MTR management’s buck-passing over railway scandals a lesson in how not to handle a crisis

Stephen Vines says the lack of accountability displayed by the MTR Corporation’s leadership is rooted in it being a listed company whose major shareholder is also its regulator

The initials MTR are supposed to stand for Mass Transit Railway but nowadays the words Management Traumatised by Responsibility seem more appropriate.
The people who run this company appear to be largely focused on how to avoid responsibility for the growing scandal involving delays in construction, faults in construction, cover-ups and safety threats.

In so doing, they are inadvertently providing a classic case study of what happens when corporate responsibility and crisis management go badly wrong.

In its defence, the corporation has (correctly) pointed out that all major projects encounter difficulties.

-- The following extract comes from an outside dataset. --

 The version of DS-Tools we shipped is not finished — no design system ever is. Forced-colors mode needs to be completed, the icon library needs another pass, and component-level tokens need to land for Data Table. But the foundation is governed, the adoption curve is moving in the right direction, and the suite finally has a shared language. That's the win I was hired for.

However, the MTR Corporation does not seem to appreciate that what matters is how problems are handled.

What works is transparency, accountability and swift remedial action. The MTR management turns this on its head and operates on the basis of covering things up, dragging their feet on remedial action and passing the buck.

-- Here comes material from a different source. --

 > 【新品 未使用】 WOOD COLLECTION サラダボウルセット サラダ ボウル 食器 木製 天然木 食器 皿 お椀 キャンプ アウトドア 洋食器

They do not seem to understand that those at the top are expected to shoulder responsibility. Instead of sorting out problems at the project management stage, they spend their time pointing fingers at others, be it the main contractor, the subcontractor or even the sub-sub contractor. If anyone at the MTR ultimately shoulders the blame, it will probably be some relatively junior-level managers.
If anyone at the MTR ultimately shoulders the blame, it will probably be some relatively junior-level managers
And just when the bad odour emanating from all this buck-passing seemed impossible to surpass, the MTR chairman, Frederick Ma Si-hang, launched an extraordinary tirade implying that the public had no right to know what was going on because on the one hand, they were too stupid to understand and, on the other, if the MTR was satisfied with how things were going, that was good enough.

The furore these remarks caused led Ma to resort to schoolboy tactics by saying that he had only spoken in this way because of bad weather and forgetting to pray in the morning. He did not, however, even attempt to withdraw the substance of the remarks.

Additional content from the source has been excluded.